United States District Court, D. South Carolina, Aiken Division

May 24, 2018

Maria Davenport, Arnold Davenport, and Demorio Davenport, Plaintiffs,
v.
Goodyear Dunlop Tires North America, Ltd. and the Goodyear Tire and Rubber Company Defendants.

          ORDER AND OPINION

         This matter is before the court pursuant to Plaintiffs Maria Davenport, Arnold Davenport, and Demorio Davenport's (collectively “Plaintiffs”) Motion in Limine (ECF No. 120). Defendants Goodyear Dunlop Tires North America, Ltd. and The Goodyear Tire and Rubber Company's (“Goodyear”) (collectively “Defendants”) filed a response in opposition to Plaintiff's Motion (ECF No. 132). For the reasons set forth below, the court GRANTS IN PART and DENIES IN PART Plaintiffs' Motion in Limine (ECF No. 120).

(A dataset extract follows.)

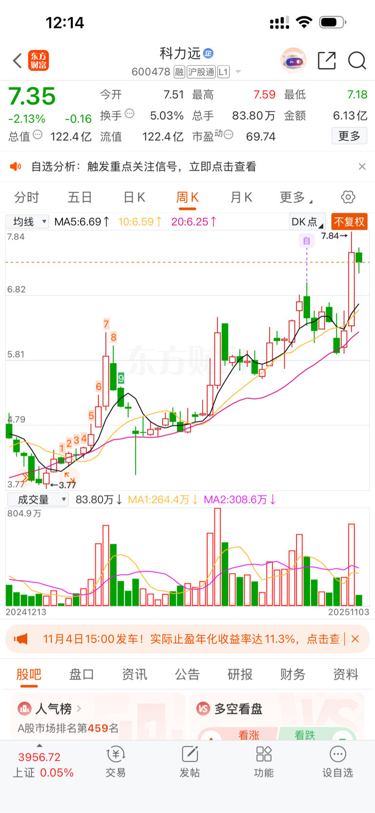 $科力远(SH600478)$ 从该股周线来看,调整还需要持续一段时间

         I. RELEVANT FACTUAL AND PROCEDURAL BACKGROUND

         On September 18, 2015, Plaintiffs Maria Davenport, Arnold Davenport, and Demorio Davenport filed a Complaint against Defendants. (ECF No. 1.) Plaintiff Maria Davenport alleged she suffered injuries while she was driving a 1996 Ford Explorer (“Subject Vehicle”) when the tread on the left rear tire (“Subject Tire”) separated from the car, causing it to overturn (“Subject Accident”). (Id.) Plaintiff Demorio Davenport was a passenger in the car and he also alleges that he suffered injuries during the incident. (Id.) Plaintiffs Maria and Demorio Davenport seek damages for their claims of negligence, strict liability, and breach of warranty. (Id.) Plaintiff Arnold Davenport alleges loss of consortium. (Id. at 2.) Plaintiff Devon Davenport individually filed a second Complaint in this court. See Devon Davenport v. Goodyear Dunlop Tires North America, Ltd. and The Goodyear Tire and Rubber Company, Civil Action No. 1:15-cv-03752-JMC. On August 2, 2016, Defendants filed a Motion to Consolidate both cases. (ECF No. 41.) On October 25, 2016, the court granted Defendants' Motion to Consolidate for all purposes, including trial. (ECF No. 59 at 5.)

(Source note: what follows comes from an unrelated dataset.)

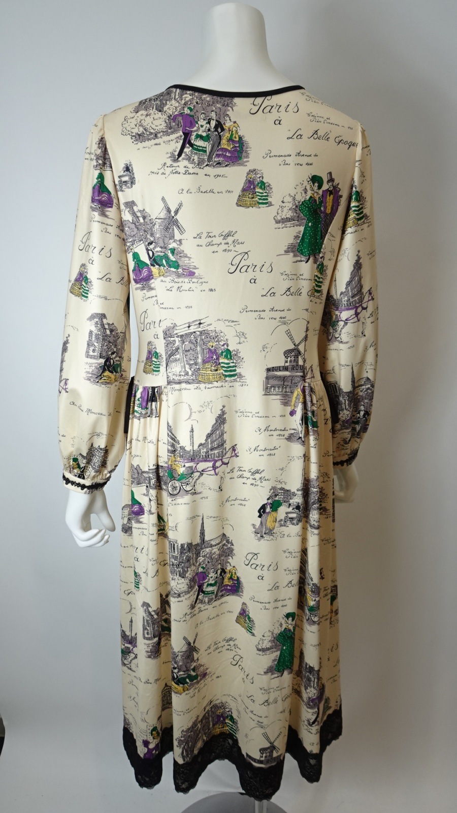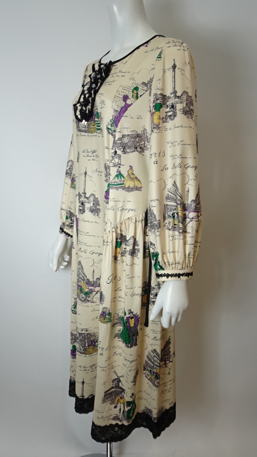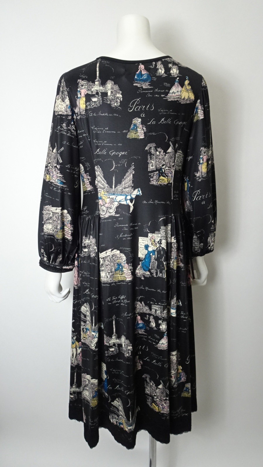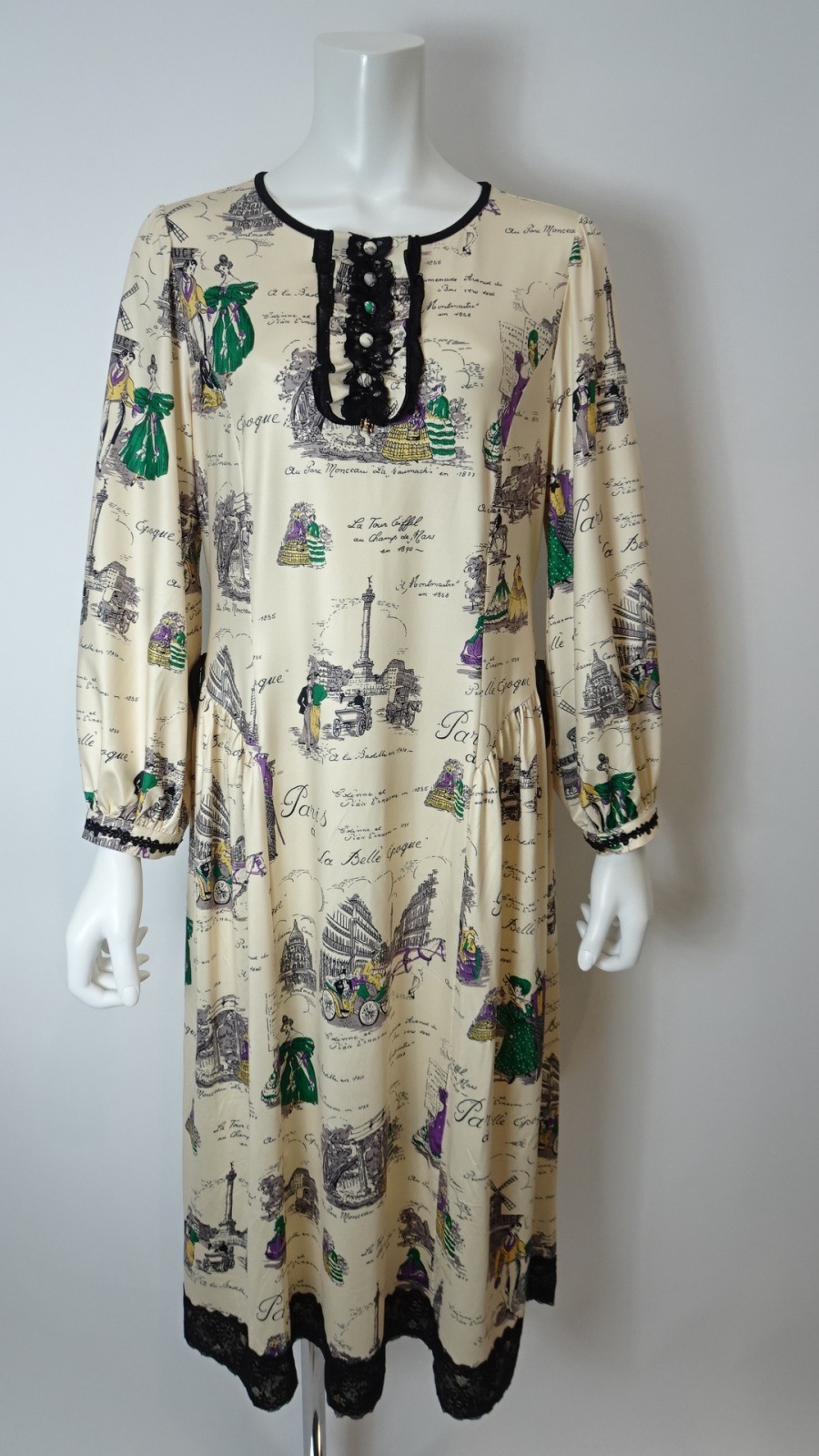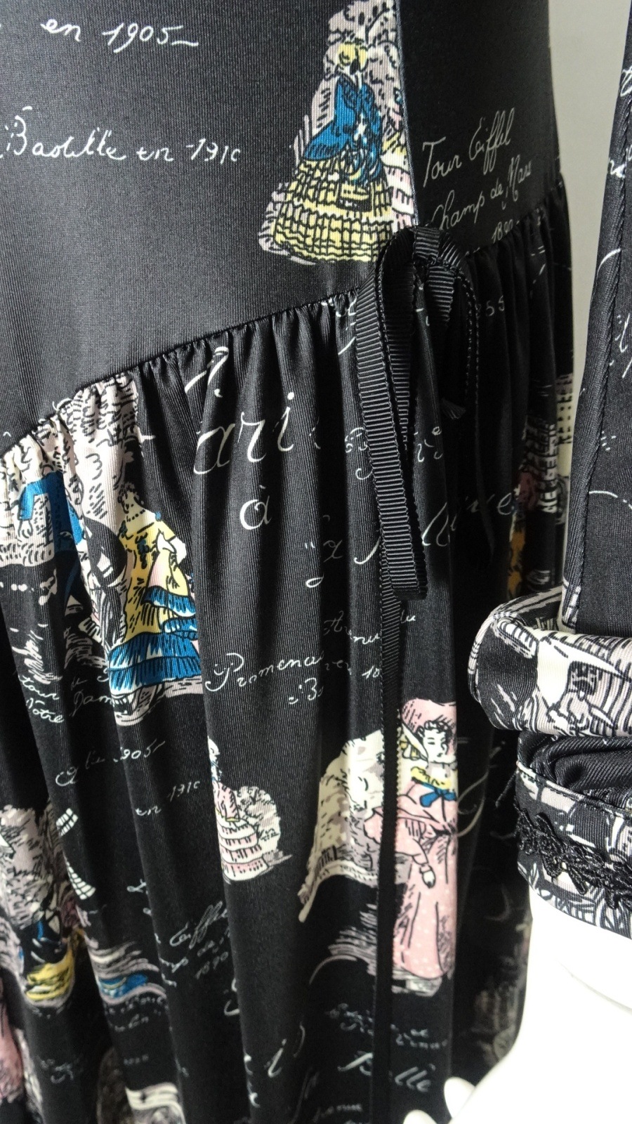 美しい「胸元×裾レースプリントワンピース」は、洗練されたデザインであなたの魅力を引き立てます。胸元には優雅なフリルとビジューが施され、華やかさをプラス。また、袖先にはギャザーデザインが施され、女性らしいシルエットを演出します。クラシック柄のParisをイメージしたプリントです。

         Plaintiffs' present Motion requests that the court preclude Defendants from introducing into evidence and from making any comment in the presence of the jury, directly or indirectly, in any manner whatsoever, concerning the following matters:

1. Maria Davenport's social security application, determination or entitlement to social security benefits;
  1. Devon Davenport's accident of January 4, 2014, subsequent arrest and criminal charge;

  1. Care or maintenance of tires other than the Subject Tire by any Plaintiff;

  1. Collateral source payments/benefits;

  1. Liability insurance payments to the vehicle's passengers;

  1. Any testimony of the storage of tires other than the Subject Tire;

  1. Tire separations' controllability;

  1. Filing this Motion in Limine;

  1. The South Carolina traffic collision report;

  1. Date summons and complaint was filed;

  1. Any prior traffic citations, lawsuits, or automobile accidents involving Plaintiffs;

  1. Criminal charges and arrests;

  1. Employment of counsel/fees and date counsel was retained;

  1. Unrelated claims or injuries; and

15. Failure to call equally available witnesses

(ECF No. 120). Defendants responded to each request for exclusion in their Response (ECF No. 132), and Plaintiffs filed a Reply (ECF No. 144).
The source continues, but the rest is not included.